First things first, why do I keep exhorting my energineering students to read? So they have the eyes of Plato to see through ages and vicissitudes of life? This question is too deep to not wind us back at the “what universities are for” thesis that reeled among our educational philosophers for thousands of years.
The first priority of life for my polytechnic students is to acquire adequate skills and problem-solving abilities to survive and thrive in an industrial company . But where do skills come from? A lot of hand-holding from teachers, mentors and craft-masters for apprentices will help but nothing explains things so thoroughly as theories, mechanisms and operational steps in written words.
Add all that clarity from reading to practical hands-on training, you have tools under your belt now and a mind to grasp more to come. In books the right ways of doing things are printed in black-and-white intelligent articulation, which learners can consult time and again without any fear that soon the memory will fade or the spoken words will dissipate.
Reading informs you on what you need to know to get things done, especially when learned people are not around or willing to spoon-feed you answers to your questions. And half the time, we don’t even know what to ask of the masters given a tuition-free oportunity to do so.
Intelligence is called for to come up with questions to the point.
Intelligence needs to be in place first for the learners to discern the suitable solution, especially in real-life scenarios as opposed to school simulations.
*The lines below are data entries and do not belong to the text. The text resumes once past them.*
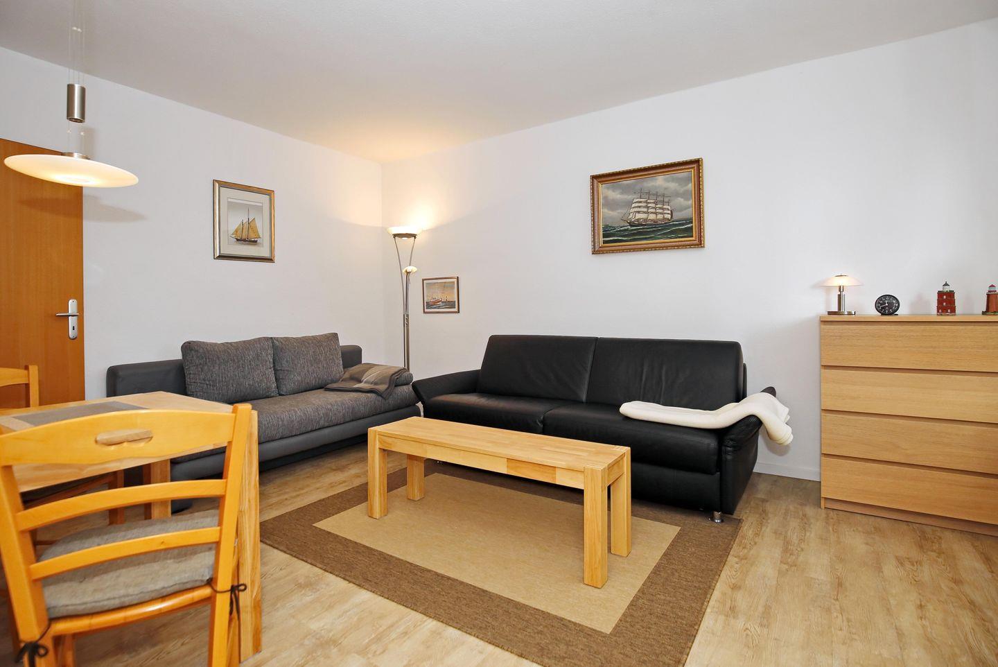 Der Wohnbereich der Ferienwohnung ist mit zwei Couchen und einem Flachbild-TV eingerichtet. Der integrierte Essbereich bietet 2 Personen genügend Platz für gemeinsame Mahlzeiten. Mit wenigen Handgriffen wird für dich aus der Lederschlafcouch (160 x 200 cm) ein bequemer Schlafplatz. Als Sicht- und Sonnenschutz sind alle Fenster mit Plissees versehen.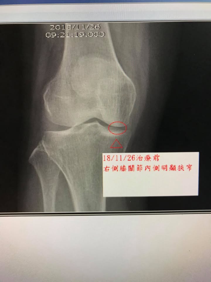 😭游大姊,年約五十多歲,右膝疼痛超過五年,之前在宜蘭當地骨科拍片檢查退化性膝關節炎,症狀如下:走久會痠痛,外側膝蓋很緊,平常膝關節內側明顯刺痛,可以免強蹲下來,上下樓梯很不舒服,特別是下樓梯,都要慢慢扶著欄杆,在當地已經打過波尿酸跟三次自體血小板生長因子,也就是俗稱的PRP,有一點效果,但這幾個月又開始非常痛,在榮總蘇澳分院拍片子檢查發現右側膝關節內側明顯窄縮(如圖)合併左側膝關節臏骨外翻(如圖),經兒子朋友介紹特地來接受膝關節針刀整合治療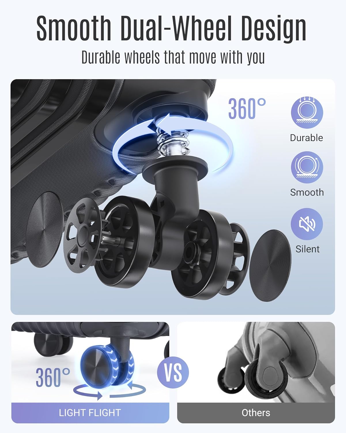 - Extremely Smooth: Equipped with premium 360° dual-spinner wheels featuring soft TPU construction and lubricated ball bearings, these suitcases glide silently and smoothly in any direction. The stable dual-wheel system ensures effortless maneuverability through crowded airports or city streets, making this 3-piece luggage set ideal for long trips and business travel.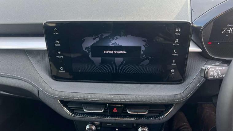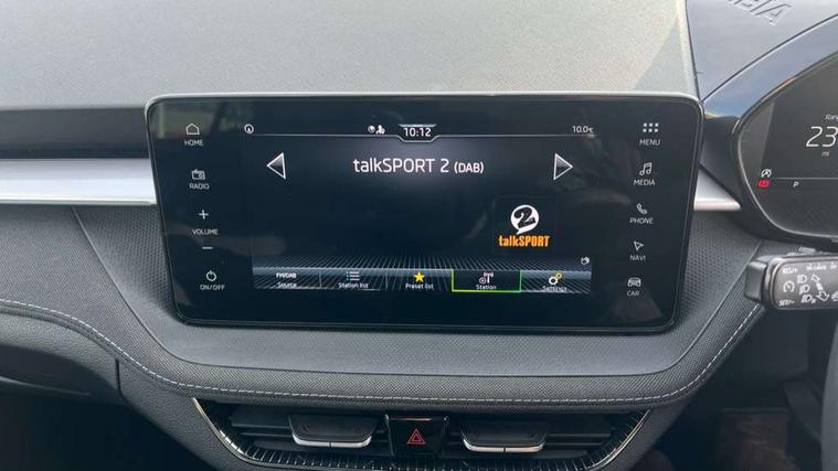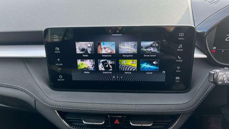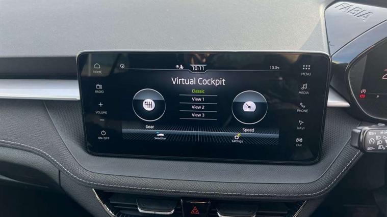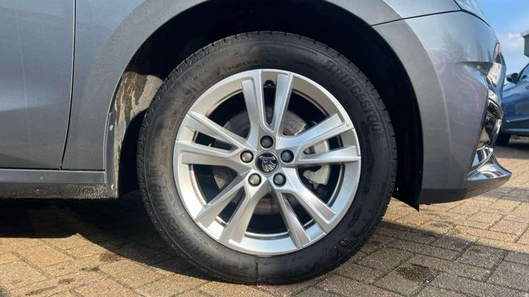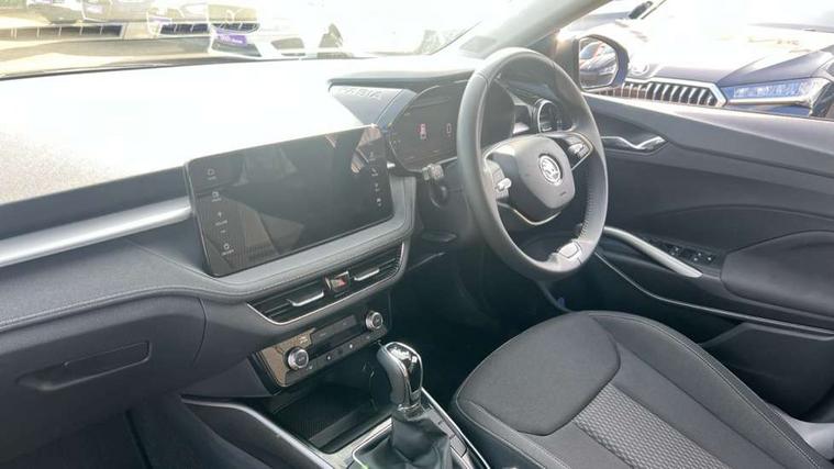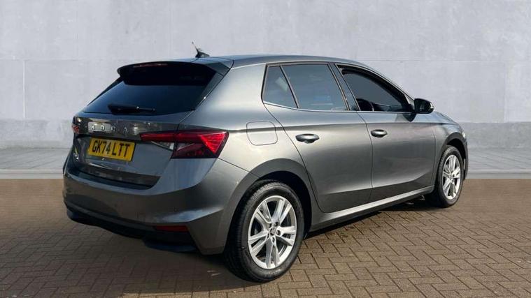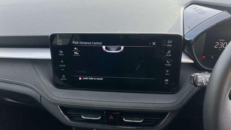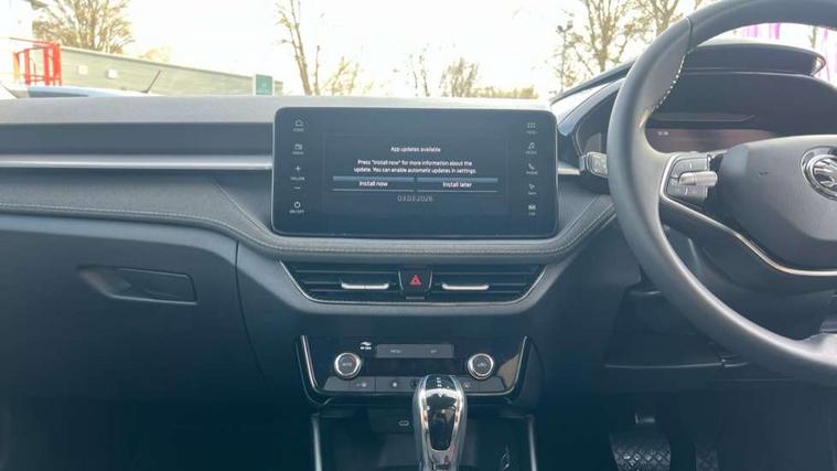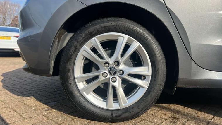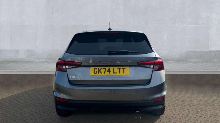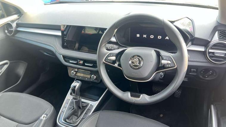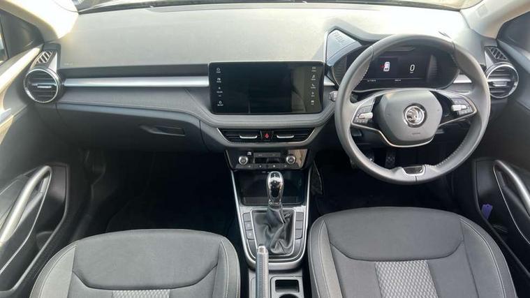 Advanced driver attention and drowsiness monitor, Bluetooth connection, Electromechanical power steering, Exterior temperature gauge, Service interval indicator, Traffic sign recognition, Virtual cockpit with 10.25" colour display, Wireless SmartLink for Apple CarPlay and Android Auto, 6 Speakers (4 in front and 2 in rear), 9.2" colour display skoda navigation system with voice control and web radio, Auxiliary socket for external MP3 player, DAB digital radio reception, Auto dimming rear view mirror, Body colour door mirrors, Body coloured bumpers, Chrome window surround, Door mirror integrated indicators, Front and rear electric windows, Front window wiper intermittent control, Headlight range control - Automatic, Ice scraper in fuel cap, LED daytime running lights with coming and leaving home feature, LED rear lights, Privacy glass, Rear LED fog light, Rear side wing doors, Rear window wiper with washing nozzles, Roof mounted spoiler, SKODA tailgate lettering in chrome, Third brake light, 2 reading lights in front and 2 reading lights in rear, 3 rear headrests, Backrest split and folding, Central console with removable cup holder and storage box, Chrome handbrake release button, Comfort seats, Door sills with fabia badging, Dual zone air conditioning with climatronic electronic control, Fabric upholstery, Front centre armrest, Gearshift knob/handle in leather, Hand brake lever handle in leather, Height adjustable front headrests, Height adjustable front seats, Height adjustable steering wheel, ISOFIX and TopTether anchorage points to the outer rear seats, ISOFIX and TopTether on the front passenger seat, Luggage compartment lighting, Manually adjustable lumbar support in front seats, Metallic grey interior door handles, Pollen filter, Rear seat bench unsplit, Single front passenger seat, Storm grey headlining, Sun visors with mirror and airbag label on passenger side, Textile floor mats, Ticket holder, Umbrella in drivers door, 3-point height adjustable front seats belts with pretensioner and force limiter, Automatic warning lights in case of crash, Driver and passengers airbag with switch off function, e-Call+, ESC including ABS, MSR, ASR, EDS, HBA and XDS, Front and rear seat belt warning, FRONT ASSIST (AEB City and AEB Inter Urban), Front side airbags, Head airbags, Hill hold control, One tone horn, Pedestrian protection, Three rear 3-points safety seat belts with pretensioner and force limiter including stop function for outer rear seat belts, Tyre pressure monitoring system, Anti-theft alarm system including immobiliser, interior monitoring, backup horn, and towing protection, Central locking with radio remote control, interior controls, SAFE function and 2 foldable keys, Chrome edged air vents, Metallic grey central console cover, Metallic grey upper decorative trim, Satin black door and side trim panel in front, Textile microsuede grey lower decorative trim with art grey stitching, Anti-theft wheel bolts protection, Super-low rolling resistance tyres,

Intelligence gets built the best by reading written words and that hasn’t changed since the invention of scrolls, no matter what other dazzling media came after, be it picutres, I-MAX or powerpoints. The reason lies in written words’ inherent utility to abstract and condense information and arguments, which will take videos and pictures to unzip and aural repetitions to knock into consciousness.
Even without the pragmatic functions in terms of handing you tools and letting you in on craft techniques, books pose as a magnetic realm where each plug you in a different world.
I particularly love those that can make me understand, appreciate, and love beyond what I see and feel currently.
_Anne of Green Gables kindled a flame of admiration in me for nature, for idyllic country life and for what education is. The little orphan girl Anne’s high spirit, pure enjoyment of everything beautiful around her and refreshing unselfconsciousness rubbed off on me.
She was more of a heroine than Jane Eyre if I have to choose: one is sunlight trickling through apple-tree leaves, the other is river-water flowing and bumping under ice near the end of winter.
_Educated: A Memoir _sets me before the critical question: to judge or not to judge? For the first time in life, it dawned on me I don’t have to morally rate people around me or even myself over every single matter of controversy in order to move forward.
The purpose of life is not to be in the right all the time, especially not toward made-up dilemmas, others’ ethical predicaments or rationalization over one’s own past actions.
What is more important shines at the horizon a bit further: to change, to grow, to advance. Understand what is going on and hit the road, leaving behind what you have no duty or desire for and leaving with what you believe needs to be fulfilled.
Books, fiction or non-fiction alike, untangles, enrich and uplift our heart and mind.
The only thing they might not be able to do for you is living your life with its daily niddy griddies. That, you gotta tread out yourself, with tear, sweat and sometimes blood. But the inspiration, the enlightenment, the guidance lights a lamp for you to find the way.
Even whatever landscape awaits at the end of the road or whatever beautiful scenaries along the way organically grow through your reading, as a tree to a forest.
Reading, literally, makes our life better as it runs a snow-melt creek through your originally-foggy mind and allows jasmine, plantain and cedar blossom into an expansive, structured and charming garden in there.
Reading is not just making the world bigger for us - it makes our own heart a better, bigger and breezier world itself to enrich, encourage and expand others.